Myśli sączą się przez umysł
Myśli - jak ich wiele:

O prawdziwym uczuciu do człowieka.
O prawdziwej wierności do osobnika.
O akceptacji dla innego.
O dobrotliwym usposobieniu dla każdego.

Wiadomo, że miłość nie jest sztuką łatwą.
Wiadomo, że sprzeczki i kłótnie chodzą za człowiekiem.
Wiadomo, są chwile złe, cierpiące, nieszczęśliwe.
Lecz powodują zbliżenie się do siebie.

Tylko prawdziwa miłość jest w stanie przezwyciężyć wszystko.
Tylko prawdziwa pomoc dla tej drugiej osoby przełamuje lody.
Tylko prawdziwe uniesienie powoduje radość w smutku.
Tylko prawdziwe słowo "Kocham" brzmi tak realnie.

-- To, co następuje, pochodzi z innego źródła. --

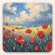 This digital illustration evokes a vibrant field of red poppies captured in the middle of the movement, with a clear tribute to Vincent van Gogh's post-impressionist style. The work is performed with a bold impact technique, where the color is applied with thick and textured strokes that simulate the whisper of the wind on the stems. The use of intense red contrasted with vibrant dark green and blue colors reflects the emotional palette of the master. The general feeling is one of energy and wild nature, perfect for fans of Van Gogh and expressionist art with a heavy emotional charge.

Zatracasz się człowieku nie wiedząc kogo kochać masz.
Zatracasz się w sprzecznościach bo nie wiesz jak tu wytrwać.
Zatracasz siebie samego, udając kogoś innego.
Zatracasz sumienie, oszukując świat do około siebie.

Wiedząc czym i kim jesteś.
Wiedząc o kogo walczysz szczerze.
Widząc i akceptując siebie.
Prawdę ukażesz każdemu.

Nie ważne jak kochasz.
Nie ważne czy kobietę, czy mężczyznę.
Ważne abyś zaakceptował samego siebie.

Wiedz mój drogi słuchaczu.
Zrozum to co powiem.
"Kochaj tak, aby nie krzywdzić drugiego.
Gdy kochasz kogoś prawdziwie, to pozwalasz mu odejść,
aby był szczęśliwy gdzieś indziej."

Ta prawda trwa u mnie od wielu lat.
Te słowa w sercu już mam wypalone.
Te słowa chce mieć wyryte na kamieniu.
Tylko po to, aby być blisko swojego celu.





(W podzięce za odnalezienie weny we mnie. Martin to dla Ciebie)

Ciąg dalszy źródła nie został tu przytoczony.